REQUIREMENT: Write out the entries below exactly, but only from the line containing "Primero había pintado" through the line containing "在性能调节页面,多种性能模式", and without the pictures.

MATERIAL FOR THIS EXERCISE:
——————————
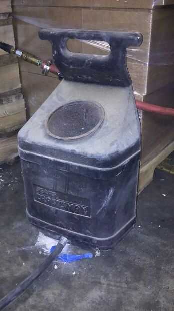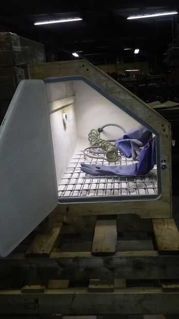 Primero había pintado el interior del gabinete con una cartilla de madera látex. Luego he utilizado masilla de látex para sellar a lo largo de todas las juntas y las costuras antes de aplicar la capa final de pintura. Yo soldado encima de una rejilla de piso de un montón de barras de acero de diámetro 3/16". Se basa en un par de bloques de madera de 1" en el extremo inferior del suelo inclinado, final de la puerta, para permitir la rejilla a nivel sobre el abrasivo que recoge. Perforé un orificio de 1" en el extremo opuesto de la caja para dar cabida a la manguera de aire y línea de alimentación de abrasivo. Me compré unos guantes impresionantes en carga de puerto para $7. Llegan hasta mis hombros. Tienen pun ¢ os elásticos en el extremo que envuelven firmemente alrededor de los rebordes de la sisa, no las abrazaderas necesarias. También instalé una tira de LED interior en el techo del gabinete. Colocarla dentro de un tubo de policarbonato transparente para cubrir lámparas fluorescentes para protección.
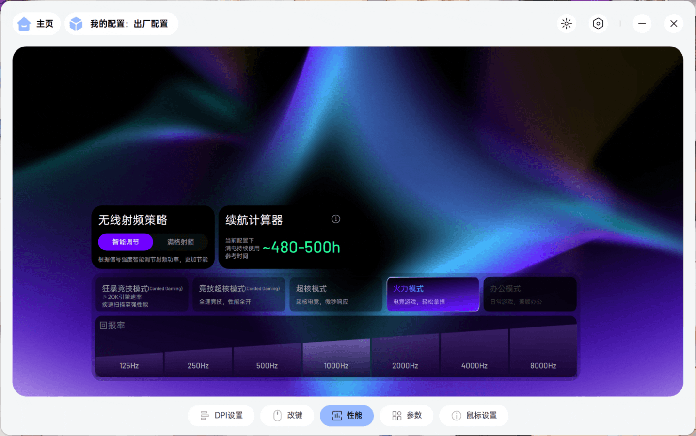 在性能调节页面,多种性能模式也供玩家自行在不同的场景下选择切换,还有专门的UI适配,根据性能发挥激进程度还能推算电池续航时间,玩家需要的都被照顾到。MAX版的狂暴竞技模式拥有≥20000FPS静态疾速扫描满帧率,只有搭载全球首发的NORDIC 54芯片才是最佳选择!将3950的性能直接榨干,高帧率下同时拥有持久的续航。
——————————
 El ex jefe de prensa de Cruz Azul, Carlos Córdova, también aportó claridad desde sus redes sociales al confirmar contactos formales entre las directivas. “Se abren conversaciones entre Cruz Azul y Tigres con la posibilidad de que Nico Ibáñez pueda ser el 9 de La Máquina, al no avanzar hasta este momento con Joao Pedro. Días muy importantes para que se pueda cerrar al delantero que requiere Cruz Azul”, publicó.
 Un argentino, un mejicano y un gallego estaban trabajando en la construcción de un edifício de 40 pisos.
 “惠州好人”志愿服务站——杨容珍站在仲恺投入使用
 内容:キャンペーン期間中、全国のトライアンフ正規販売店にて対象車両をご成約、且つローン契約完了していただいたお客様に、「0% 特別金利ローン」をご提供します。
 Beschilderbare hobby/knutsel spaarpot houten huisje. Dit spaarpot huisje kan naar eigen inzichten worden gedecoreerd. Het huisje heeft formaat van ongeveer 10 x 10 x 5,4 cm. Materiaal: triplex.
——————————
ANSWER TO THE PROBLEM:
 Primero había pintado el interior del gabinete con una cartilla de madera látex. Luego he utilizado masilla de látex para sellar a lo largo de todas las juntas y las costuras antes de aplicar la capa final de pintura. Yo soldado encima de una rejilla de piso de un montón de barras de acero de diámetro 3/16". Se basa en un par de bloques de madera de 1" en el extremo inferior del suelo inclinado, final de la puerta, para permitir la rejilla a nivel sobre el abrasivo que recoge. Perforé un orificio de 1" en el extremo opuesto de la caja para dar cabida a la manguera de aire y línea de alimentación de abrasivo. Me compré unos guantes impresionantes en carga de puerto para $7. Llegan hasta mis hombros. Tienen pun ¢ os elásticos en el extremo que envuelven firmemente alrededor de los rebordes de la sisa, no las abrazaderas necesarias. También instalé una tira de LED interior en el techo del gabinete. Colocarla dentro de un tubo de policarbonato transparente para cubrir lámparas fluorescentes para protección.
 在性能调节页面,多种性能模式也供玩家自行在不同的场景下选择切换,还有专门的UI适配,根据性能发挥激进程度还能推算电池续航时间,玩家需要的都被照顾到。MAX版的狂暴竞技模式拥有≥20000FPS静态疾速扫描满帧率,只有搭载全球首发的NORDIC 54芯片才是最佳选择!将3950的性能直接榨干,高帧率下同时拥有持久的续航。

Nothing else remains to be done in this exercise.